本館所蔵の「マルサスの『経済学原理』」と「ケインズの『一般理論』」に関する貴重書を展示していますので、ぜひご覧下さい。
貴重書展示コーナーは図書館1Fカウンター前に設けています。

展示コーナー

ケインズ『一般理論』の初版(1936年)

本図書館所蔵の経済学の古典(14)

マルサス『経済学原理』とケインズ『一般理論』

 マルサス(Thomas Robert Malthus, 1766-1834)は、何よりも『人口論』(1798)の著者として有名であるが、経済理論を論じた著作『経済学原理』(初版1820)が経済学の歴史に与えた影響も大きい。
 本書のテーマのひとつは、ナポレオン戦争のあとの大不況の原因を解明することであった。マルサスは、供給能力を高めても必ずしも需要は高まらないことを主張し、同時代の経済学者リカードやセーに対抗して、当時としては珍しいディマンド・サイドの経済理論を展開した。マルサスによれば、大不況への対処法は、有効需要を高めることであり、具体的な政策として、地主階級の消費支出を高めるための大土地所有の分割、国内外の通商の拡大、公共事業などが提案された。
 のちにケインズは、1936年『雇用・利子および貨幣の一般理論』において、有効需要理論を確立し、それまでの経済学の常識を覆した。そのときに「供給はそれ自らの需要をうみだす」という考え方(セー法則)を信奉するケインズ以前のほとんどすべての経済学者たちを「古典派」と一括して、厳しく批判したが、マルサスは例外で、自らの理論の先駆者として評価した。
 本図書館は、マルサスの『経済学原理』の第2版(1836年)とケインズの『一般理論』の初版(1936年)を所蔵している。

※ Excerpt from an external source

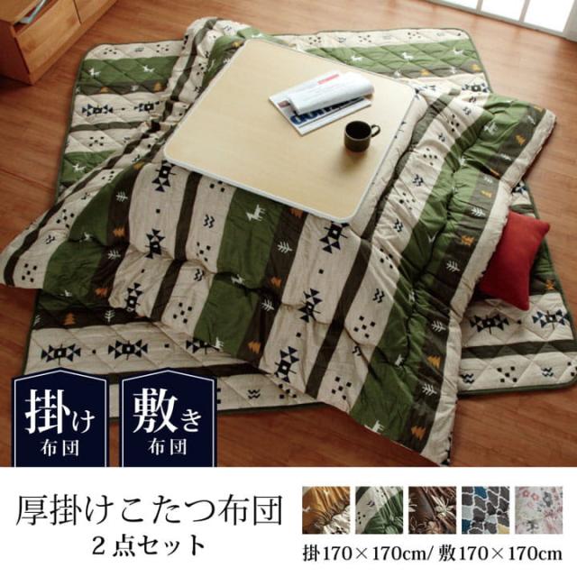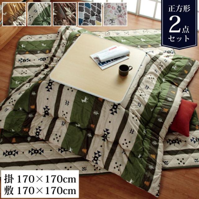 こたつ布団 正方形 こたつ布団セット正方形 布団セット 170×170cm こたつ掛敷 2点セット「ココットリーフモロコマオ」 モダン こたつ あったか 冬

(1)Malthus, Thomas Robert, Principles of Political Economy Considered with a View to their Practical Application, second edition with considerable additions from the author’s own manuscript and an original memoir, London: William Pickering, 1836

(2)Keynes, John Maynard, The General Theory of Employment, Interest and Money, London: Macmillan, 1936.